A mass is suspended separately by two different springs in successive order then time periods is $t_1$ and $t_2$ respectively. If it is connected by both spring as shown in figure then time period is $t_0$, the correct relation is

The correct option is D $t_0^{-2}=t_1^{-2}+t_2^{-2}$

The time period of a spring mass system as shown in figure 1 is given by
$T=2\pi \sqrt{\frac{m}{k}}$,
where k is the spring constant.

$\therefore t_1=2\pi \sqrt{\frac{m}{k_1}}....\left(i\right)$ and

$t_2=2\pi \sqrt{\frac{m}{k_2}}...\left(ii\right)$



Now, when they are connected in parallel as shown in figure 2(a), the system can be replaced by a single spring of spring constant, $k_{eff}=k_1+k_2$, as shown in figure 2(b).
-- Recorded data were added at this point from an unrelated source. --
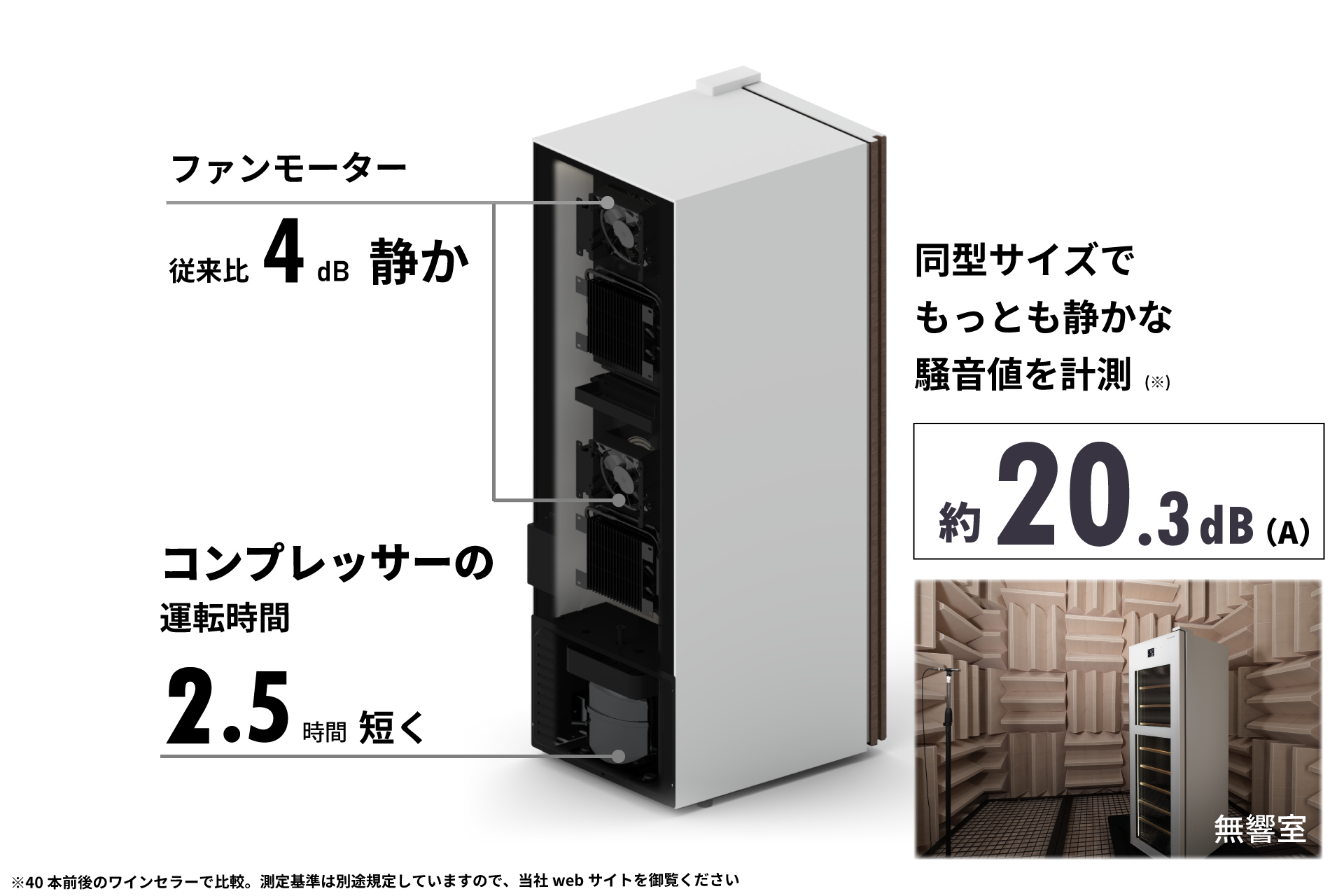 氷温ゾーンでは生酒を安定して保管できるほか、意図的な温度変化をつけてワインの熟成をコントロールすることも可能。これはプロ仕様のワインセラーでも搭載されていない冷却技術(※2)です。外気に左右されず、理想的な温度環境を追求した一台です。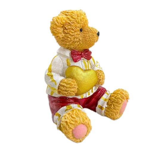 Escultura urso de resina sentado coração 12,5cm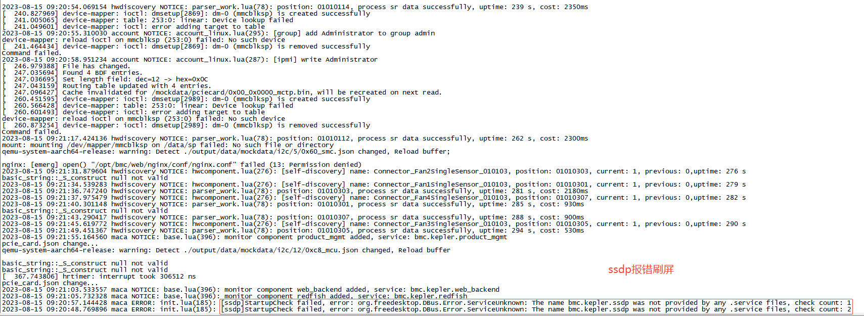 2023-08-15 09:21:04.953502 maca ERROR: init.lua(185): [ssdp]StartupCheck failed, error: org.freedesktop.DBus.Error.ServiceUnknown: The name bmc.kepler.ssdp was not provided by any .service files, check count: 117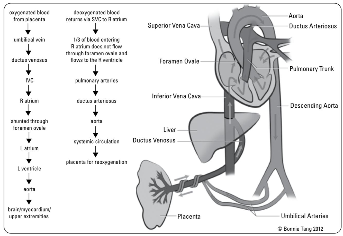 Fetal circulation is designed so that oxygenated blood is preferentially delivered where? (2)

Since $mg=k_{1}x+k_{2}x=k_{eff}x$

$\therefore t_0=2\pi \sqrt{\frac{m}{k_{eff}}}=2\pi \sqrt{\frac{m}{(k_1+k_2)}}...\left(iii\right)$,

From $\left(i\right)\frac{1}{t_1^2}=\frac{1}{4{\pi }^2}\times \frac{k_1}{m}....\left(iv\right)$,

From (ii), $\frac{1}{t_2^2}=\frac{1}{4{\pi }^2}\times \frac{k_2}{m}....\left(v\right)$,

From (iii), $\frac{1}{t_0^2}=\frac{1}{4{\pi }^2}\times \frac{k_1+k_2}{m}....\left(vi\right)$,

From equations (iv) , (v) and (vi)

$\frac{1}{t_1^2}+\frac{1}{t_2^2}=\frac{1}{t_0^2};\therefore t_0^{-2}=t_1^{-2}+t_2^{-2}$
Hence, option $\left(B\right)$ is correct.